VEGETABLE SOUP WITH GLUTEN FREE TURKEY BALLS
INGREDIENTS:
1 Package of Vegetable Stock, low sodium or regular
1 Package of Poblano Chicken Bone Broth, low sodium or regular.
1 Lb Ground Turkey
4 Carrots, peeled and diced
4 Celery, peeled and diced
1-1/2 Onion, red or white, peeled and diced
2/3 Head of Cauliflower, cut into bite pieces
2 C Frozen Peas
3 C Kale, chopped
Salt/Pepper to taste
2 Tbs Paprika + 1 Tbs for Turkey balls
2-3 Tbs De Provence or Italian seasoning +1 Tbs for Turkey Balls
2-3 Tbs Minced Onion + 1 Tbs for Turkey Balls
2 Tbs Garlic Powder + 1Tbs for Turkey Balls
1 Egg, yolk only
DIRECTIONS:
Add vegetable stock and poblano chicken bone broth to 4Q pot. Simmer for 15 minutes with a lid on. Add carrots, celery and onions, simmer for 15 minutes. Add cauliflower and simmer for 10 min.

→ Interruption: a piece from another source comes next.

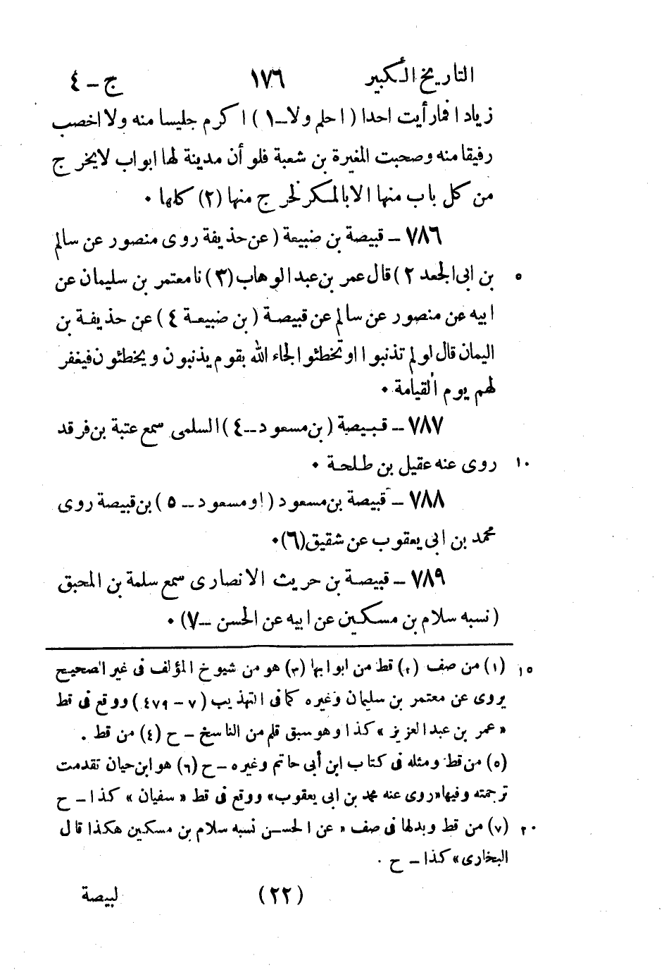 786 - قبيصة بْن ضبيعة (عَنْ حذيفة روى منصور عَنْ سالم بْن أَبِي الجعد 2) قَالَ عُمَر بْن عَبْد الوهاب (3) نا معتمر بْن سُلَيْمَان عَنْ أَبِيه عَنْ منصور عَنْ سالم عَنْ قبيصة (بْن ضبيعة 4) عَنْ حذيفة بْن اليمان قَالَ لو لم تذنبوا أو تخطئوا لجاء اللَّه بقوم يذنبون ويخطئون فيغفر لَهُم يوم القيامة.

Meanwhile, make turkey balls. Mix ground turkey with an egg yolk. Add 1 Tbs of salt, pepper, De Provence seasoning, minced onion and garlic powder. Mix well. Start making balls in a size of a 2 Tbs.
Add balls to the simmering broth. Simmer for 15 minutes. Add kale, simmer for 5 minutes.
Turn off the pot. Ready to be served. ENJOY!
NOTE: I only use Organic broth, produce and meat.